Good solvers are problem-dependent. Nevertheless, some guidelines exist:

State-space model factorisation¤

  • If your problem is scalar-valued (shape=()), use a scalar implementation. Of course, you are always welcome to transform your problem into one with shape (1,) and use a vector-valued solver (not all features are implemented for scalar models).
  • If your problem is vector-valued, be aware that different implementation choices imply different modelling choices.

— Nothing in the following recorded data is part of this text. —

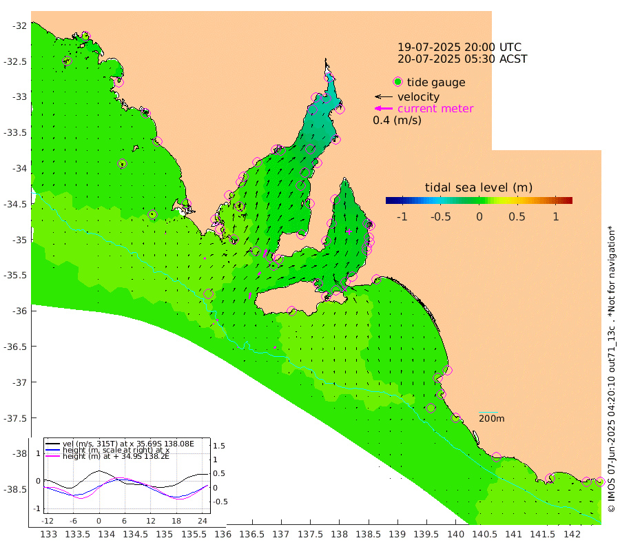 1cm/s 59T +10cm/s rms + 5cm/s 114T. SAM1DS 520m 5cm/s 44T +13cm/s rms + 5cm/s -36T. SAM2CP 100m 5cm/s 9T +21cm/s rms + 18cm/s 142T. SAM3MS 168m 6cm/s 56T +22cm/s rms + 0cm/s -30T. SAM4CY 117m 2cm/s -10T +23cm/s rms + 2cm/s 99T. SAM5CB 94m 8cm/s 40T +8cm/s rms + 3cm/s -172T. SAM6IS 83m 3cm/s 7T +11cm/s rms + 7cm/s 150T. SAM7DS 519m 19cm/s 23T +10cm/s rms + 2cm/s 87T. SAM8SG 47m 14cm/s 13T +20cm/s rms + 12cm/s -168T. NRSKAI 101m 15cm Warrnambool 15cm Port Fairy 15cm Portland 15cm Port Macdonnell 15cm Beachport 14cm Cape Rabelais (off) 14cm Robe 12cm Cape Jaffa 12cm Kingston 14cm Victor Harbor 17cm Vivonne Bay -1cm Kingscote -1cm American River 10cm Penneshaw 2cm Cape Jervis -4cm Second Valley -5cm Port Noarlunga -5cm Port Stanvac -8cm Brighton -6cm Glenelg -8cm Port Adelaide (Outer Harbor) -15cm Angus Inlet (Garden Island) -7cm Ardrossan -9cm Port Vincent 1cm Port Giles 13cm Stenhouse Bay 8cm Althorpe Island 9cm Pondalowie Bay 5cm Point Turton 7cm Port Victoria 1cm Cape Elizabeth 1cm Tiparra Reef Light -10cm Wallaroo -9cm Middle Bank -36cm Port Broughton -39cm Port Pirie -48cm Red Cliff Point (Beacon 5) -31cm Port Bonython -31cm Whyalla -30cm Western Shoal Beacon -11cm Franklin Harbor 7cm Franklin Harbor Entrance Beacon 13cm Arno Bay 15cm Port Neill 15cm Cape Hardy 16cm Tumby Bay 16cm Reevesby Island 20cm Port Lincoln 19cm Taylors Landing 8cm Whalers Bay 14cm Wedge Island Mooring 15cm Shelf Edge Mooring 13cm Coffin Bay Entrance Beacon 17cm Greenly Island 14cm Elliston 16cm Pearson Island 7cm Venus Bay 14cm Blanche Port (Streaky Bay) 16cm Thevenard 17cm St Francis Island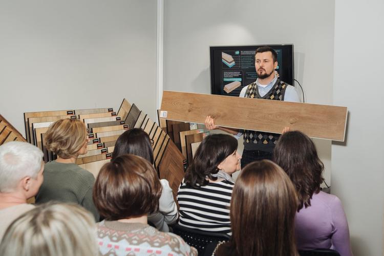 Центральным элементом вечера стала яркая презентация новинок бренда, которую провел тренинг-менеджер Alpine Floor Александр Гришин. Он не только подробно рассказал о ключевых коллекциях и их уникальных свойствах, но и наглядно показал, как с помощью фактур, оттенков и форматов укладки можно воплощать в жизнь самые смелые проекты, отвечающие теме «Мысли и чувства». Гости получили исчерпывающие ответы на все актуальные вопросы, касающиеся как трендов, так и практических аспектов применения материалов.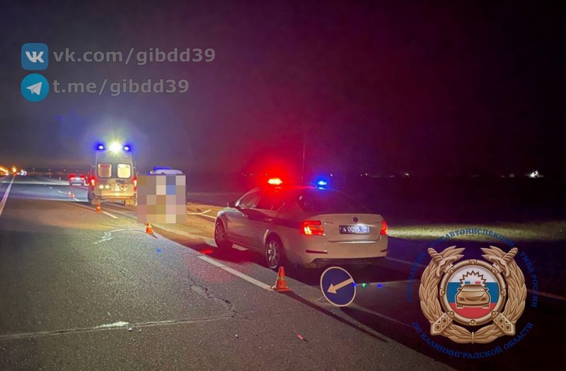 По сообщению Госавтоинспекции, трагедия на федеральной трассе случилась в 21:45. 37-летний водитель «Фольксвагена» гнал со стороны Черняховска и на тёмном отрезке дороги сбил пешехода. Как выразились в ГАИ, человек находился на проезжей части без светоотражателей на одежде.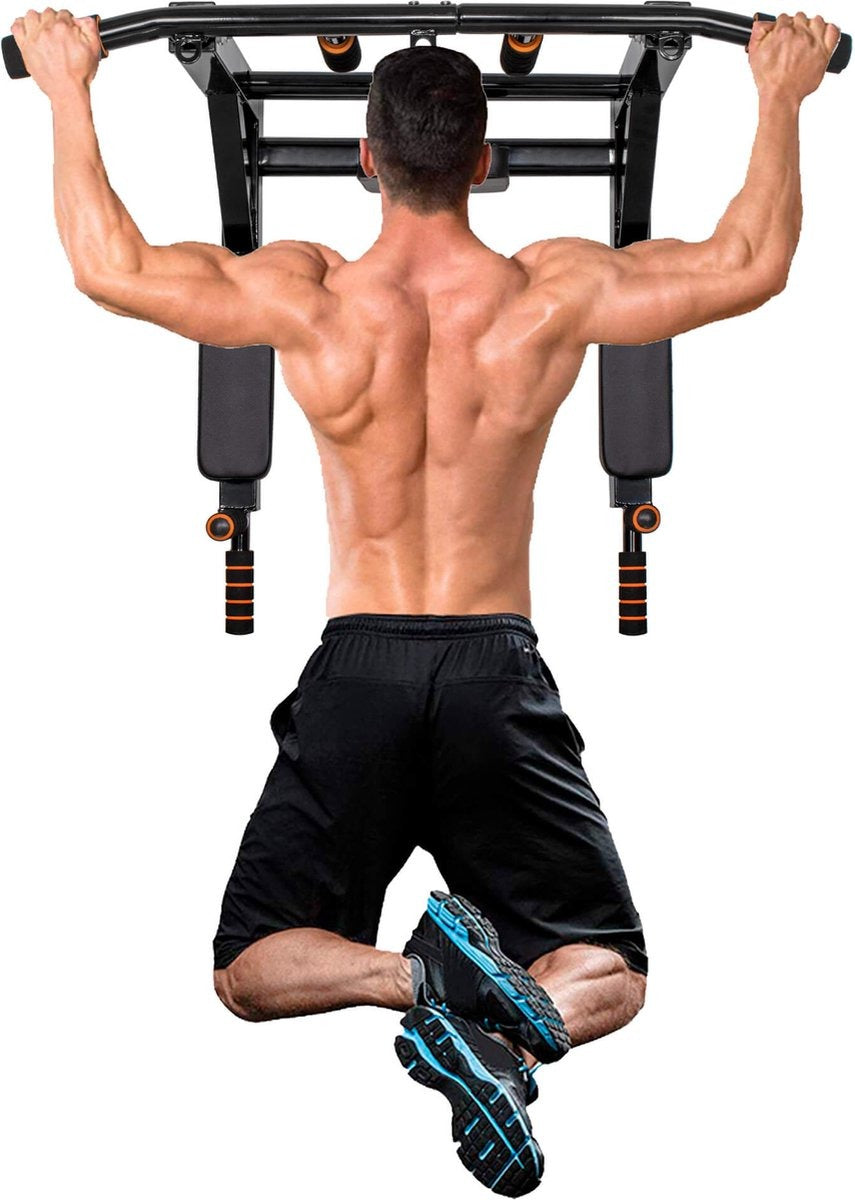 De multifunctionele pull up bar kan als optrek- of dipstation worden gemonteerd. Er worden verschillende muurhaken meegeleverd zodat u makkelijk kunt wisselen tussen optrek- en dipstation. Een full body workout was nog nooit zo simpel.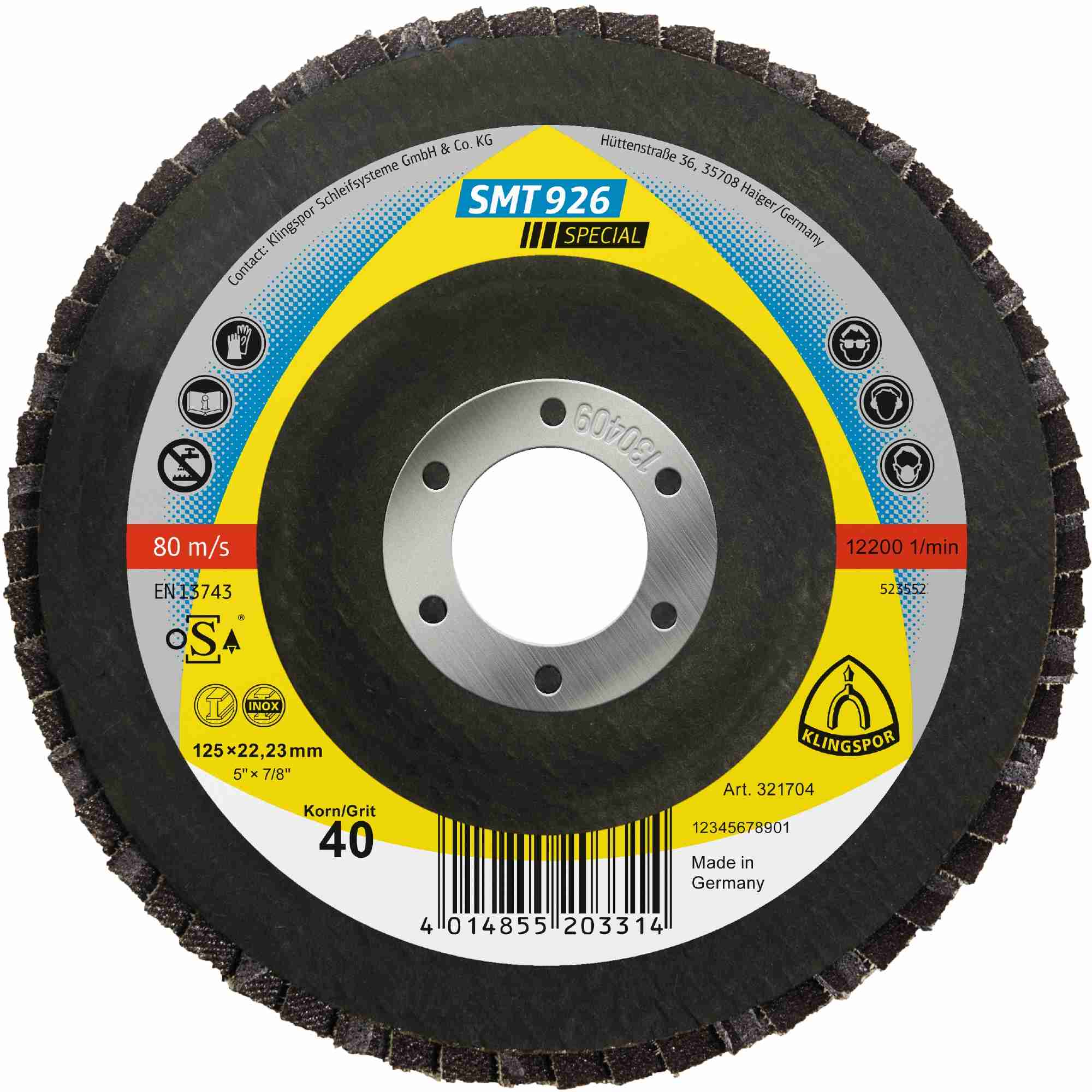 Merkmale: Die Klingspor SMT 926 Schleifmopteller sind mit Zirkonkorund-Schleifkorn ausgestattet und eignen sich ideal für das grobe Schleifen von Edelstahl und Stahl
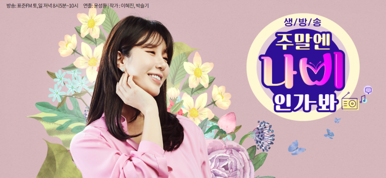 [주말은 나비같아] http://www.imbc.com/broad/radio/fm/weekn/corner/ 방송:표준FM 토,일 저녁8시5분~10시연출:윤성환|작가:이혜진,박슬기 주말은 나비같은 프로그램 메뉴 코너 소개 mini메시지 다시듣기 선곡표 사연과 신청곡 사진방 상품문의 매일코너 나 아직 집에 안갔어~!! 음악퀴즈! 나비가 사줄게~ 배너 영역 요일 코너 선곡! 나비효과 토요일은 나비다(토요일 토요일,나)일요일은 차트다 (일,다음) 코너소개 매일 코너소개 음악퀴즈! 나비가 소지호~… www.imbc.com 매주 토,일 오후 8시 5분부터 10시까지 MBC 표준FM(서울,경기 95.9MHz)에서 방송되고 있으니 앞으로도 많은 청취 및 시청 부탁드립니다!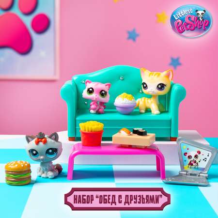 Главные герои набора "Обед с друзьями" — три котика разных цветов, которые могут похвастаться новой для серии LPS характеристикой — они умеют качать головами! С помощью аксессуаров из набора можно придумать множество интересных историй. Диван и стол помогут организовать уютные встречи, где котики будут делиться своими историями и планами. Ноутбук пригодится для работы или учебы, а бургер, карамельный попкорн, суши и картофель фри станут основой для веселого застолья или перекуса после активного дня.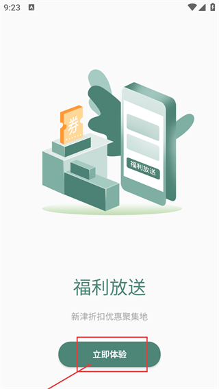 1、看到【福利放送】入口后点击【立即体验】,可进入新津折扣优惠聚集地,获取相关福利权益及优惠资源。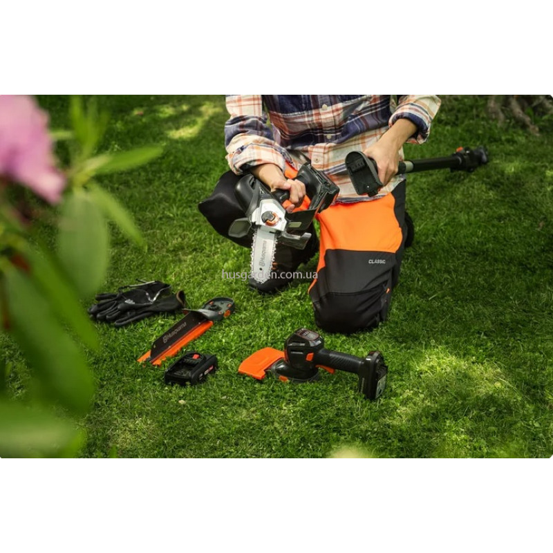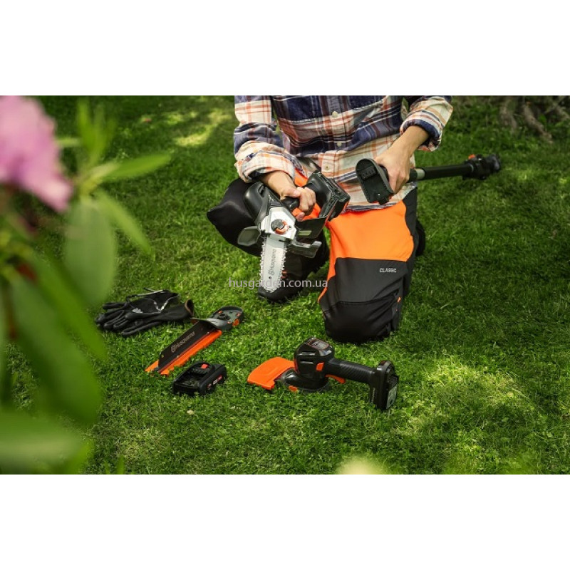 - Під час роботи з ним викиди вуглецю будуть значно меншими, ніж при роботі з аналогічним виробом, який оснащено двигуном внутрішнього згорання. Цей акумуляторний виріб не створює шкідливих викидів CO₂ під час роботи, без втрати потужності та якості, на яку ви очікуєте від продукції Husqvarna.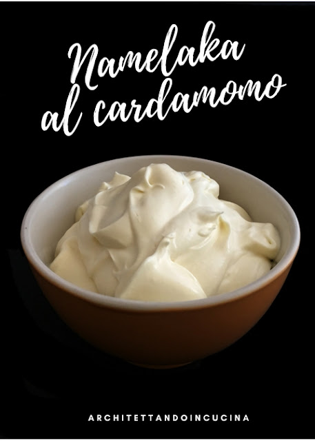Il giorno portare quasi ad ebollizione il latte con i semi di cardamomo, dopo aver rotto le bacche ed estratto i semi. Far raffreddare e riposare in frigo per tutta la notte. Il giorno seguente, portare a bollore il latte con il glucosio, aggiungere la colla di pesce ammorbidita per 5 minuti in acqua ghiacciata, strizzata e fatta sciogliere completamente.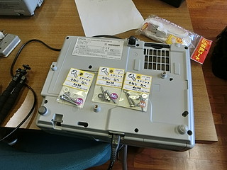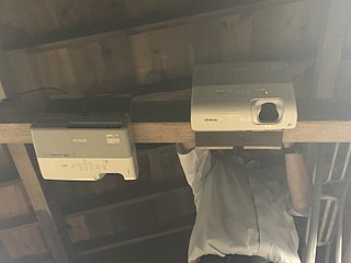 以前は教室で使っていたプロジェクター、現在黒板上に常設の超単焦点プロジェクターがあるので眠っていた。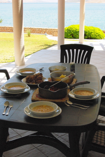 Danes: boranja iz prvega domačega fižola, domač kruh,breskve.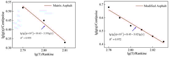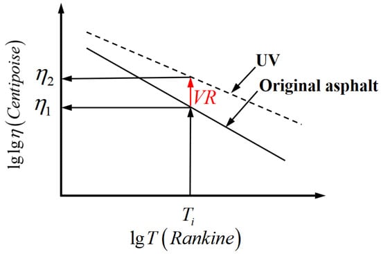 As illustrated in Figure 5, the logarithmic viscosity ratio under different aging conditions was used to calculate and quantitatively characterize the decay in the asphalt-binder viscosity at any given temperature using Equation (14) [26]: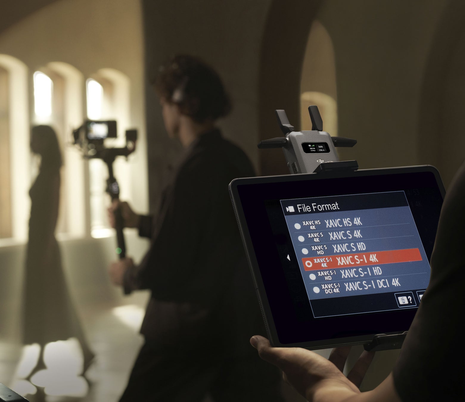 DJI SDR Transmissionはメタデータを伝送できるため、撮影中のコラボレーションが容易になります。DJI SDR Transmissionを配信モードでDJI Roninアプリに接続し、アプリ内でカメラインデックスをシームレスに切り替えることができます。また、SDI経由でARRIやREDなどの主要なシネマカメラの調整が可能なため、ディレクター、撮影者、DITチームは、詳細な撮影情報にリアルタイムでアクセスできます。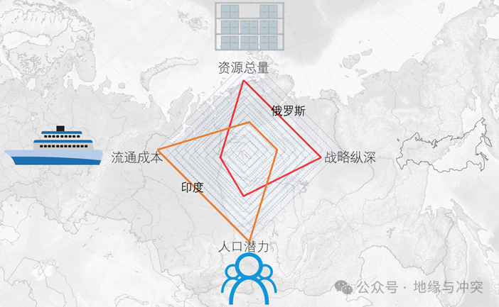 综合来说,与资源不足、战略纵深不足,但人口潜力巨大、地缘位置绝好的印度相当。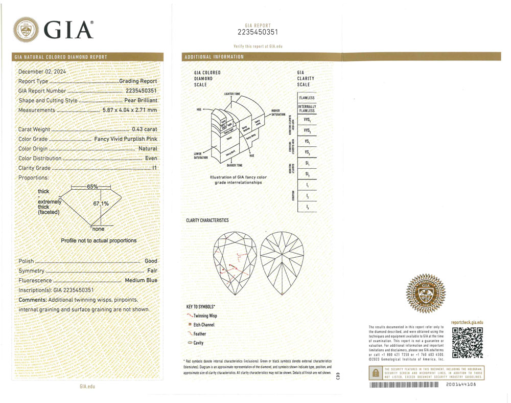 TOP QUALITYピンクダイヤモンド 0.43ct FANCY VIVID PURPLISH PINK I1 ルース ペアシェイプ[GIA]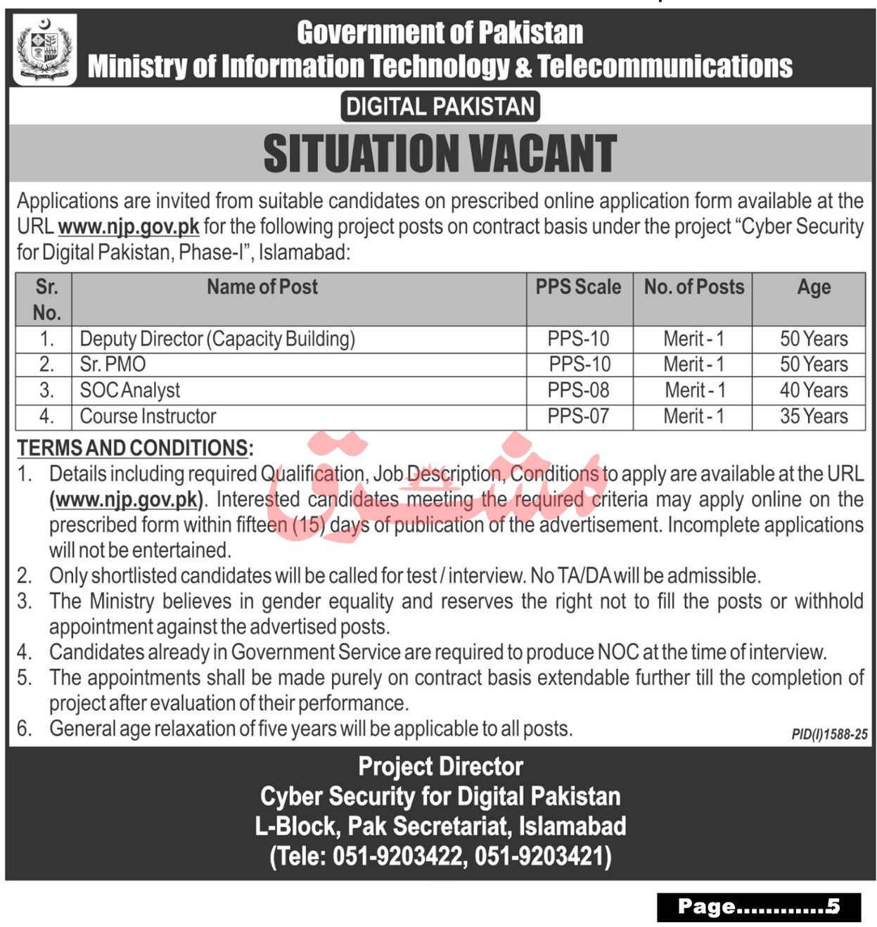 Jobs in Ministry of Information Technology & Telecommunication Islamabad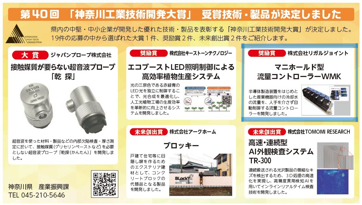 このたび、当社の受賞技術が、神奈川県立産業技術総合研究所の会報に掲載されました。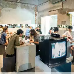 This unique cafe boasts a fully concrete exterior, which follows through inside with its consistently minimal furnishings: think concrete walls, tables, and seats. The cafe space has a rough and unfinished look, complete with elements that add to the hipster, art gallery vibes.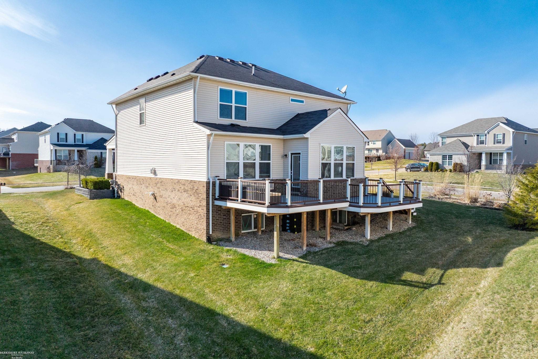 Whether you are relocating, upgrading, or looking to spread out, this home enhances your lifestyle. Located on a commanding corner lot in the prestigious Orchards of Lyon, this 2018 built masterpiece offers the crisp energy of newer construction with the soul of a beautifully designed estate. Beautifully milled hardwoods stretch across the main level, catching light from thoughtfully placed windows. Your culinary journey begins in the designer kitchen, where beautiful cabinetry meets a sleek tiled backsplash. The open concept layout ensures you are always part of the conversation. The Sun Room is a sanctuary of natural light, opening to a massive two tier deck designed for summer BBQs overlooking manicured grounds. The elegance continues upstairs. The primary suite features a stunning coffered ceiling for architectural grandeur. A spacious loft provides flexibility for a lounge, playroom, or home office. For convenience, the upper level includes a laundry suite with an integrated sink. The Ultimate Entertainment Hub The newly finished lower level is a full scale entertainment wing. With a bedroom, full bath, lounge, and second full kitchen, it is the perfect solution for hosting guests or a private home based professional. With a 3 car garage and top rated South Lyon Schools, you are perfectly centered for an easy commute to Ann Arbor, Brighton, or Metro Detroit. Welcome to the Orchards of Lyon. Your next chapter starts here.

If you don't care about modelling choices:

  • If your problem is high-dimensional, use a blockdiag or isotropic implementation.
  • If your problem is medium-dimensional, use any implementations. isotropic factorisations tend to be the fastest with the worst UQ and worst stability, dense factorisations tend to be the slowest with the best UQ and best stability, blockdiag factorisations are somewhere in between.

Stiffness¤

If your problem is stiff, use a a dense implementation in combination with a correction scheme that employs first-order linearisation; for instance, ts1 or slr1. Zeroth-order approximation and too-aggressive state-space model factorisation will likely fail.

If your problem is stiff and high-dimensional: try first-order linearisation with a block-diagonal factorisation. If that does not work: let me know what you come up with...

Filters vs smoothers¤

Almost always, use a ivpsolvers.strategy_filter strategy for simulate_terminal_values, a ivpsolvers.strategy_smoother strategy for solve_adaptive_save_every_step, and a ivpsolvers.strategy_fixedpoint strategy for solve_adaptive_save_at. Use either a filter (if you must) or a smoother (recommended) for solve_fixed_step. Other combinations are possible, but rather rare (and require some understanding of the underlying statistical concepts).

Calibration¤

Use a solvers.solver_dynamic solver if you expect that the output scale of your IVP solution varies greatly. Otherwise, use an solvers.solver_mle solver. Try a solvers.solver for parameter-estimation.

Miscellaneous¤

If you use a ts0, choose an isotropic factorisation instead of a dense factorisation. They do the same, but the isotropic factorisation is cheaper.

These guidelines are a work in progress and may change soon. If you have any input, let me know!